In 2020, job postings plunged from mid-March until late April, falling by half, and then gradually improved over the remainder of the year. Victoria’s lengthy second lockdown slowed the recovery, creating a temporary divergence between Victoria and the rest of Australia. Thankfully, there appears to be no lasting impact on Victorian recruitment and short-term lockdowns in New South Wales, Western Australia and Victoria have had minimal hiring impact. 

In the past two-weeks, job postings have continued to improve across every state and territory, besides the Northern Territory. 

Compared with last year’s baseline, postings are up 20% in New South Wales, Victoria and South Australia. They are also up 17.5% in Queensland. Western Australia is tracking the strongest, up 30% compared with last year’s baseline, with the nation’s capital not far behind.  

Hiring continues to improve in most occupational groups

While Australia’s hiring recovery has been impressive, outpacing other countries, it is also uneven. Some occupation groups are thriving, while a handful continue to suffer. 

Job postings for cleaning & sanitation roles are up 69% compared with their baseline on February 1 last year. Postings for loading & stocking and community & social service are up 63% and 60%, respectively. 

Jobs in agriculture continue to improve, recovering from 2020’s horrendous bushfire season. While sports hiring has improved considerably ahead of the AFL and rugby league season launches. 

The impact of COVID-19 remains largest in hospitality & tourism. Job postings for hospitality are still down 40% compared to their baseline. Many restaurants continue to operate below capacity, with temporary lockdowns and restrictions on travel hurting the bottom line.  

Australia’s hiring has picked up to such a degree, that even some of the ‘worst performing’ occupation groups have job postings that are higher than their level pre-crisis. There is also cause for optimism among some of the weaker occupations. For example, real estate hiring will surely improve on the back of rising property prices. 

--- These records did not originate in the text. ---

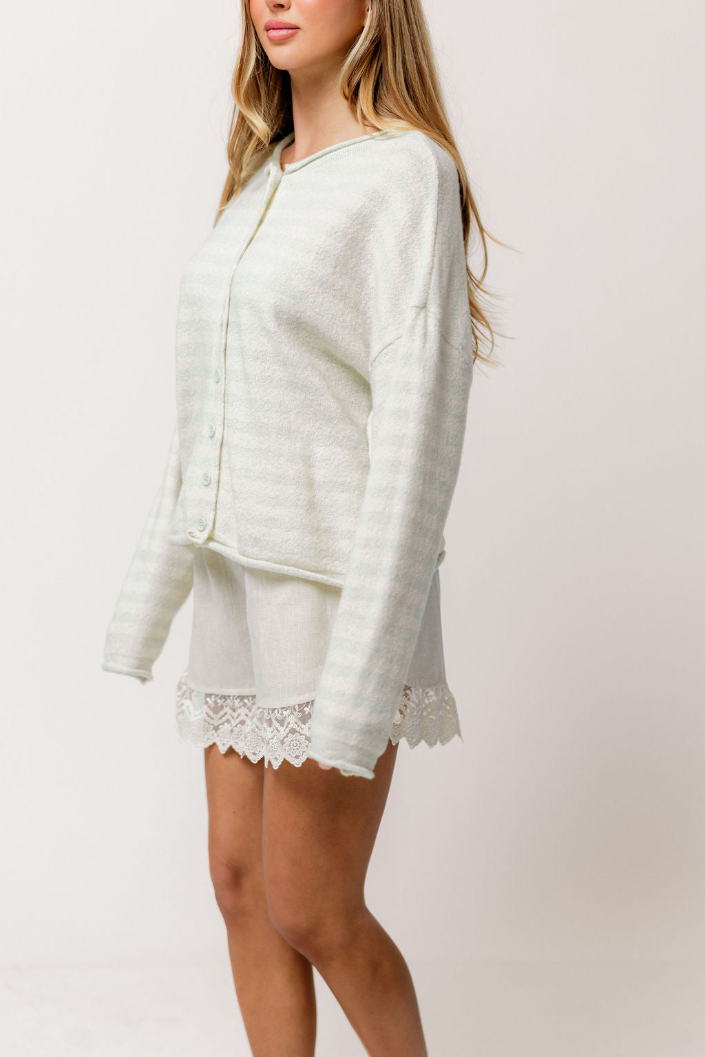 Ciela Striped Cardigan Top in Dusty Mint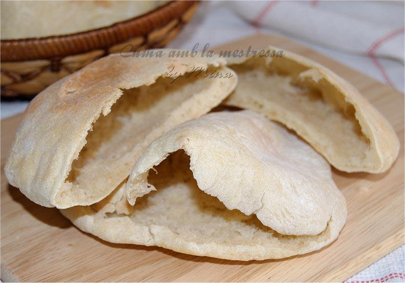 Y qué me decís si os cuento que en blog Cuina amb la mestressa nos dan la receta para hacer en casa pan de pita, si si, ¡pan de pita!, todo un lujo, ¿no? Vamos, me parece una gozada disfrutar de este típico pan árabe para rellenar con lo que más nos guste. La preparación es realmente sencilla, mezclando todos los ingredientes como si fuéramos a hacer un pan grande, pero hay que formar bolas pequeñas y amasarlas finitas para conseguir panes con la típica forma de pan de pita, y el resultado es estupendo, además puedes prepararlos con tiempo, se conservan perfectos en una bolsa y en el momento de consumirlos sólo hay que pasarlos por la tostadora unos segundos y listo, perfectos para disfrutar.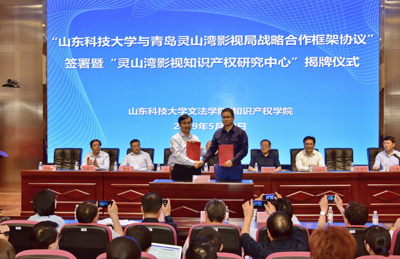 来校期间,田力普和尹华共同为“灵山湾影视知识产权研究中心”和“beat365正版唯一官网影视知识产权研究与教学实践基地”揭牌,青岛灵山湾影视局副局长李泽全和文法学院/知识产权学院院长孙法柏签署《beat365正版唯一官网与青岛灵山湾影视局战略合作框架协议》。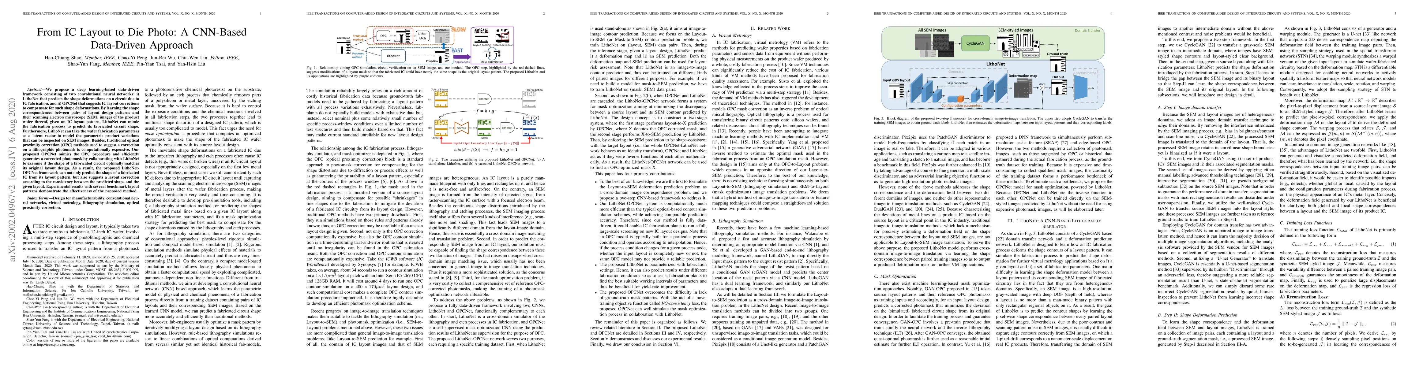 This paper proposes a deep learning framework using two convolutional neural networks to predict IC layout deformations and suggest layout corrections. LithoNet predicts circuit shape deformations due to fabrication, while OPCNet efficiently generates corrected photomasks, improving the consistency between the predicted and original layout designs. Experimental results show the method's effectiveness.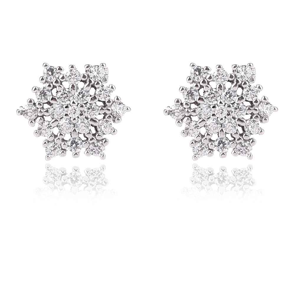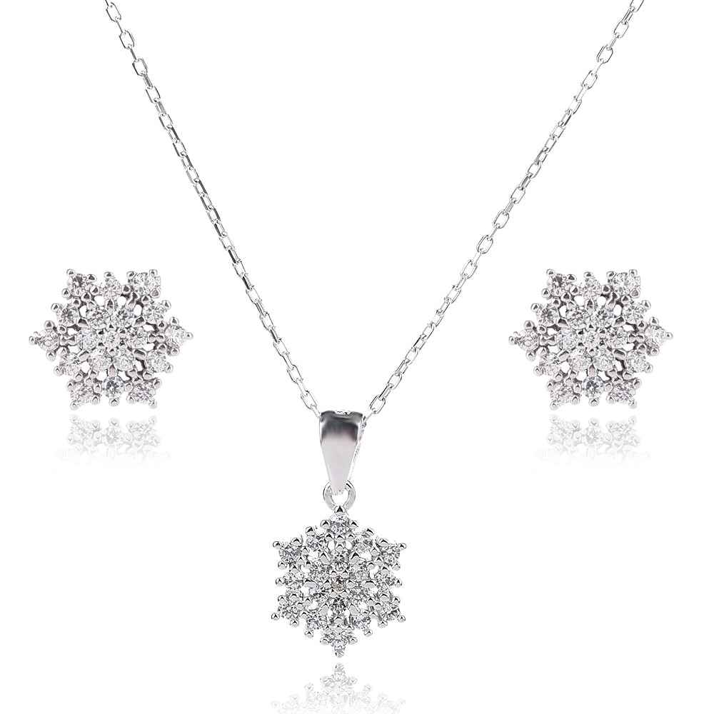 Сребърен комплект снежинки, обсипани с цирконии. Комплектът включва малки обеци на щифт и колие. Нежни и изящни, тези малки тематични украшения ще зарадват всяка кокетка през празничните зимни месеци.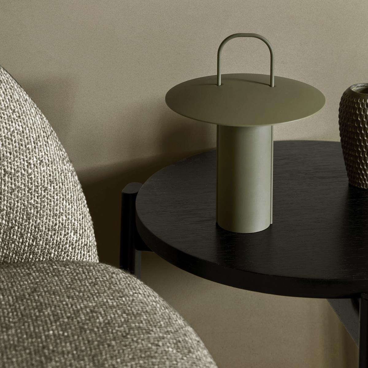 With its distinctive and minimalist silhouette, the Ray cordless lamp is inspired by old miners' lamps. Made of aluminium, it can be used indoors and out. The large upper handle means it's easy to move the shelf from the living room to the dining table. This is a perfectly portable piece that can be moved whenever and to wherever you wish. The brightness can be varied to three levels. This cordless lamp has an integrated battery that can be recharged via USB (charging cable included). Once recharged, it casts a soft light for up to 30 hours. To preserve the battery's life span, switch the lamp off when charging and don't leave it plugged in during use.
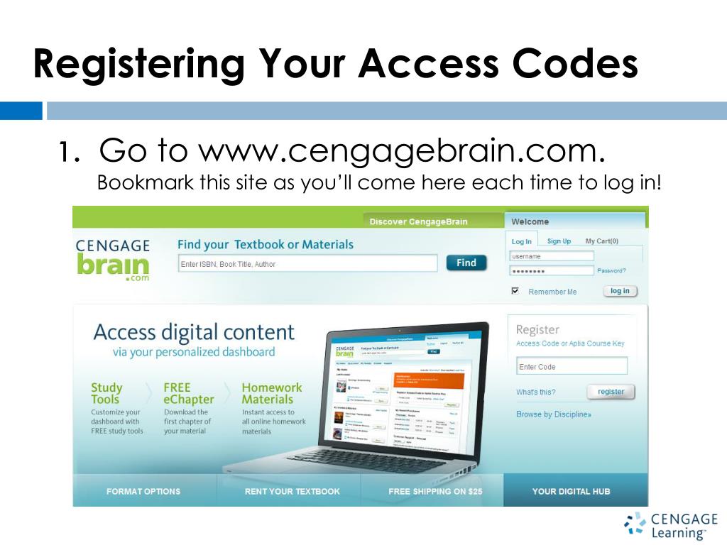 Registering Your Access Codes 1. Go to www.cengagebrain.com. Bookmark this site as you’ll come here each time to log in!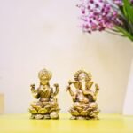 Welcome prosperity and wisdom into your home with this beautiful Lakshmi Ganesh Idol Set. These essential god idols, depicting Goddess Lakshmi (Goddess of Wealth) and Lord Ganesh (Remover of Obstacles), are masterfully crafted from high-quality Brass and feature them seated on individual lotus pedestals, symbolizing purity and growth. This set is crucial for starting any new venture and for inviting good fortune and success into your life. The idols are designed with intricate detailing and an antique gold-tone finish, symbolizing the perfect combination of Riddhi (prosperity) and Siddhi (success). This set is an absolute necessity for your home temple and is especially important for Diwali Puja, Navratra Puja, and Dusshara Puja. They make an unparalleled choice for a premium religious gift, a cherished satsang gift, or a profound house warming gift.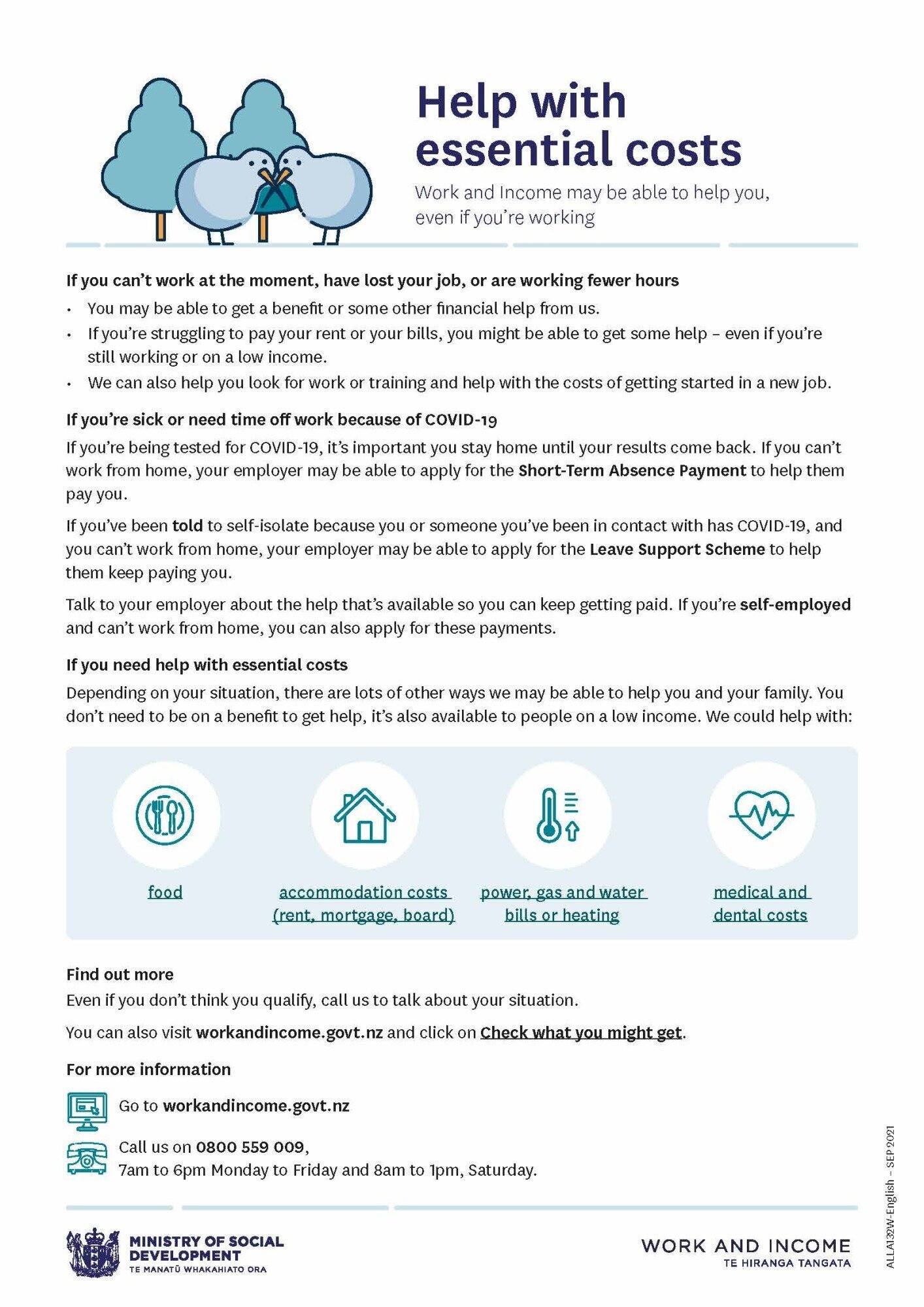 MSD offers employment support, hardship grants, in addition to income and food support. Ministry of Health will continue delivering health related support. Click below to read more.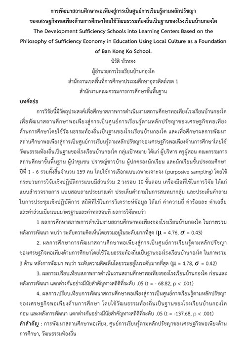 ปรัชญาของเศรษฐกิจพอเพียงด้านการศึกษาโดยใช้วัฒนธรรมท้องถิ่น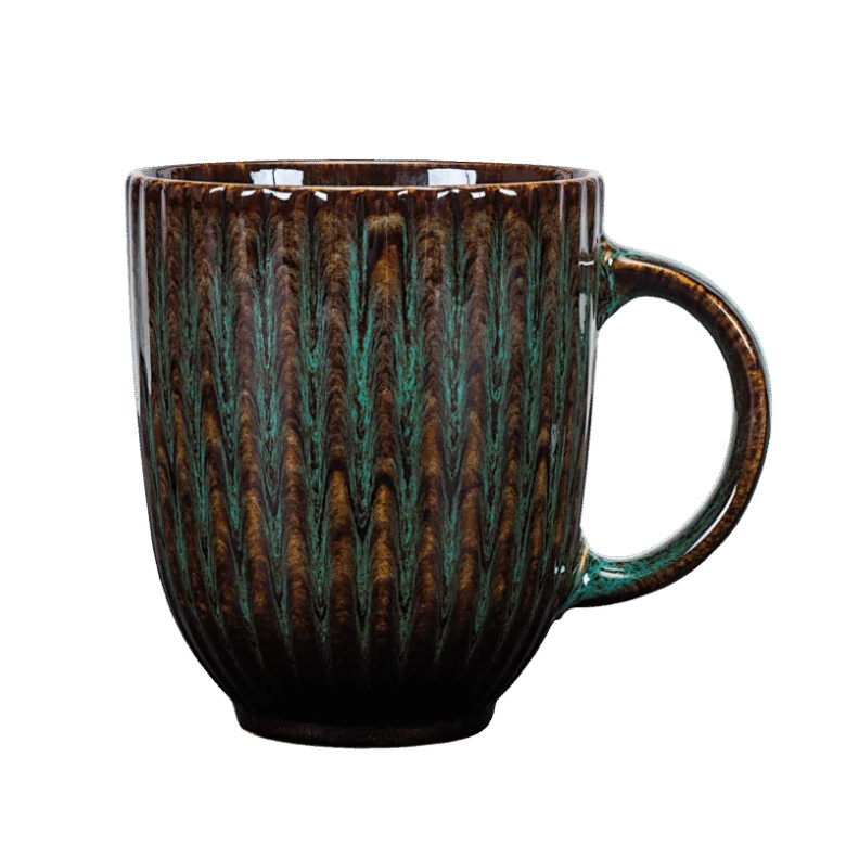 - Reaktywne szkliwo w odcieniach zieleni i brązu: Unikalne wzory i nieregularność dekoracji czynią każdy kubek wyjątkową dekoracją stołu.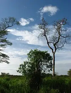 The park lies entirely in the dry zone although the park's southern boundary is near the intermediate zone.[2] The climax community of the area is tropical dry mixed evergreen forests characterized by Drypetes sepiaria, Chloroxylon swietenia, Manilkara hexandra, Pterospermum canescens, wood apple Feronia limonia, Cassia fistula, and Dimorphocalyx glabellus. However a majority of the forests within the park had been severely exploited for shifting cultivation. This has effected in secondary forests and vast stretches of open plains dominated by grasses. The herbaceous stage is succeeded by shrubs and the thicket stage is characterized by Trema orientalis. Among the first trees to appear is Pterospermum canescens, Drypetes sepiaria, and Manilkara hexandra.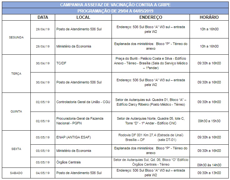 Maiores informações: www.assefaz.org.br ou pelo telefone 2108-0477 ou 3218-0142.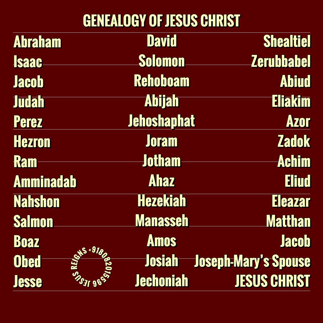 1 The book of the genealogy of Jesus Christ, the son of David, the son of Abraham. 2 Abraham was the father of Isaac, and Isaac the father of Jacob, and Jacob the father of Judah and his brothers, 3 and Judah the father of Perez and Zerah by Tamar, and Perez the father of Hezron, and Hezron the father of Ram, 4 and Ram the father of Amminadab, and Amminadab the father of Nahshon, and Nahshon the father of Salmon, 5 and Salmon the father of Boaz by Rahab, and Boaz the father of Obed by Ruth, and Obed the father of Jesse, 6 and Jesse the father of David the king. And David was the father of Solomon by the wife of Uriah, 7 and Solomon the father of Rehoboam, and Rehoboam the father of Abijah, and Abijah the father of Asa, 8 and Asa the father of Jehoshaphat, and Jehoshaphat the father of Joram, and Joram the father of Uzziah, 9 and Uzziah the father of Jotham, and Jotham the father of Ahaz, and Ahaz the father of Hezekiah, 10 and Hezekiah the father of Manasseh, and Manasseh the father of Amos, and Amos the father of Josiah, 11 and Josiah the father of Jechoniah and his brothers, at the time of the deportation to Babylon. 12 And after the deportation to Babylon: Jechoniah was the father of Shealtiel, and Shealtiel the father of Zerubbabel, 13 and Zerubbabel the father of Abiud, and Abiud the father of Eliakim, and Eliakim the father of Azor, 14 and Azor the father of Zadok, and Zadok the father of Achim, and Achim the father of Eliud, 15 and Eliud the father of Eleazar, and Eleazar the father of Matthan, and Matthan the father of Jacob, 16 and Jacob the father of Joseph the husband of Mary, of whom Jesus was born, who is called Christ. 17 So all the generations from Abraham to David were fourteen generations, and from David to the deportation to Babylon fourteen generations, and from the deportation to Babylon to the Christ fourteen generations.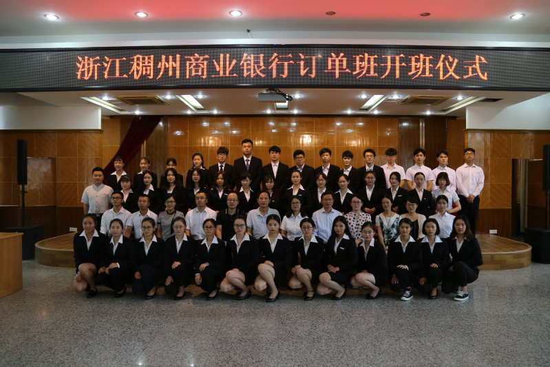 2017年9月20日下午,首届浙江稠州商业银行订单班开班暨浙江稠州商业银行订单人才培养基地揭牌仪式在诚信讲学堂隆重举行。浙江稠州商业银行人力资源部总经理金雁、培训管理中心主任王梓旭、订单班行业班主任江曾,浙江金融职业公司党委副书记姜进,银领公司党总支书记、副经理王祝华,银领公司党总支副书记、副经理王东升,订单班校方班主任章叶英及全体浙江稠州商业银行订单班同学共同参加。仪式由王东升主持。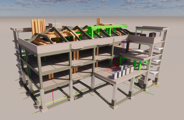 04 | 由于项目为旧楼改造项目,结构加固后预留给内装部分的时间不到70天,且作业面需逐步清理,涉及大量穿插施工,实际施工时间被进一步压缩; |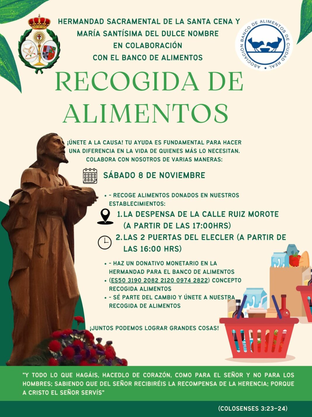 Eduardo Muñoz Martínez.- La Hermandad Sacramental de la Santa Cena y María Santísima del Dulce Nombre en colaboración con el Banco de Alimentos, realizarán el sábado, día 8, una recogida de alimentos, y por ello nos piden que nos unamos a la causa, porque nuestra ayuda es fundamental para hacer una diferencia en la vida de quienes más lo necesitan, advirtiendo que se puede colaborar de distintas formas.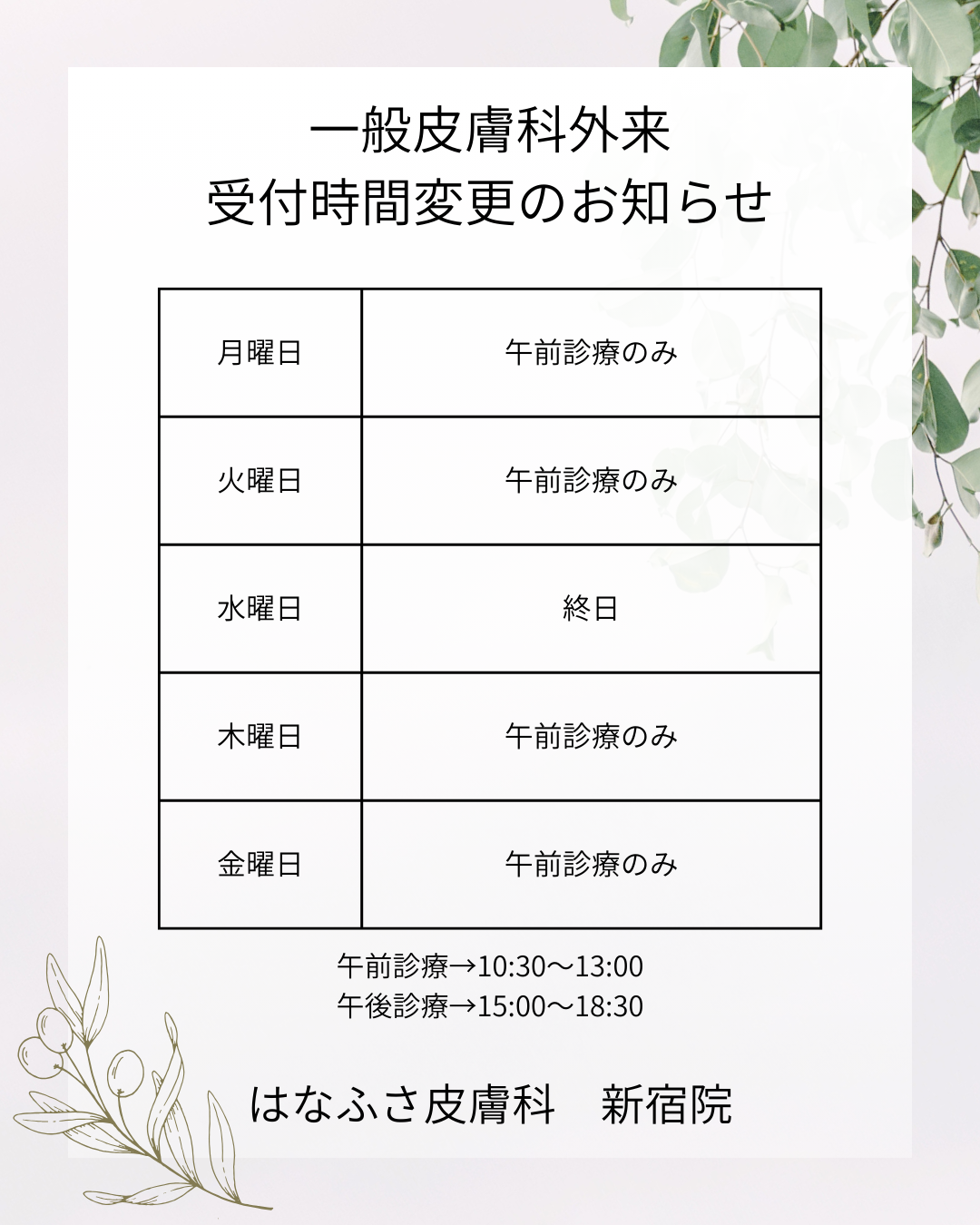 HOME > お知らせ > 【新宿院】一般皮膚科外来受付時間変更のお知らせ

Australia’s hiring recovery gathered pace throughout February. It’s also broadened, with hiring in an increased share of occupational groups above last year’s baseline. Hospitality & tourism remains a clear outlier, with hiring languishing well behind other areas of the Australian economy.  

Methodology

All figures in this blogpost are the percentage change in seasonally-adjusted job postings since February 1, 2020, using a seven-day trailing average. February 1 last year is our pre-pandemic baseline. We seasonally adjust each series based on historical patterns in 2017, 2018, and 2019. Each series, including the national trend, occupational sectors, and sub-national geographies, is seasonally adjusted separately. 

We adopted this new methodology in January 2021 and now use it to report all historical data. Historical numbers have been revised and may differ significantly from originally reported values. The new methodology applies a detrended seasonal adjustment factor to the percentage change in job postings. In contrast, our previous methodology used the 2019 change between February 1 and the reported date as the adjustment factor, which implicitly included both a seasonality component and the underlying trend. 

This blogpost is based on publicly available information on the Indeed Australia website and any other countries if named in the post. Unless specified otherwise, it is limited to Australia, is not a projection of future events, and includes both paid and unpaid job solicitations.